Özellikle ekonomide kilit sektör olan telekomünikasyon, banka/finans, demir- çelik, petrokimya, enerji sektörlerinin çalışanların yönetimine girmesi, kamu kesimi demokratik planlama ile sektörel öncelikler çerçevesinde bir yatırım planlamasına dayandırılması, teknolojik gelişmelere paralel olarak ortaya çıkan yerli işkalları oluşturulmasında yeni KİT.lerin kurulması öngörülmeli ve KİT‘ler uzun dönemli teknoloji üretme faaliyetlerine de öncü rolü üstlenmelidir.
Bölgesel gelişme politikaları, cinsel ve diğer toplumsal eşitsizlikleri ortaklaşa kaldırmaya yönelik bir istihdam politikası ile birlikte ele alınmalıdır. Kamu öncülük etmek durumundadır. Uzun dönemde; sektörel teknoloji politikaları, ileri teknolojilerin uygulanması ve üretilmesi temelinde, her sektörün ülkenin kendine özgü yapısı ve uluslararası teknolojik gelişmeler dikkate alınarak oluşturulmalıdır.
Sektörel teknoloji politikaları, gelişmeleri izleyebilen, uygulayabilen ve yenilikler yaratabilen, yüksek düzeyde becerili yeni bir yaratıcı-üretici insanlar yaratmayı hedeflemelidir. ileri teknolojilerin hem üreticilerin yaratıcılıklarını ve zihinsel gizil güçlerini ortaya çıkarabilecek, hem de işsizliği kaldıracak biçimde uygulanmaya konulması esas alınmalıdır.

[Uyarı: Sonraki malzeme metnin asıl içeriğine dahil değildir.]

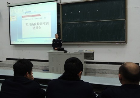 廖主任介绍顶岗实训的基本情况 优秀实习生代表发言 2012年12月11日下午,法学系在北校区101多媒体教室召开司法警务专业2011级学生赴四川省高级人民法院顶岗实训动员会。法学系副主任廖鸿玲、行业实务专家原德...

Bu bağlamda, eğitim sisteminde tüm çalışanların çalıştıkları alanda her türlü üretim bilgisine sahip, araştırıcı nitelikleri gelişmiş, nitelikli insan gücüne dönüştürülmesini hedefleyen yapısal bir devrimi sağlanmalıdır. Tüm sektörlerdeki üretim birimlerinde hiyerarşi içermeyen bağımsızlıkçı, eşitlikçi, ve demokratik bir emek sürecinin oluşturulması için önlemler alınmalıdır. Üretici insanın üretim yerinde özyönetiminin yanı sıra, yerel ve ülke yönetimine doğrudan katılımını sağlayacak bir örgütlenme biçimi yaratılmalıdır.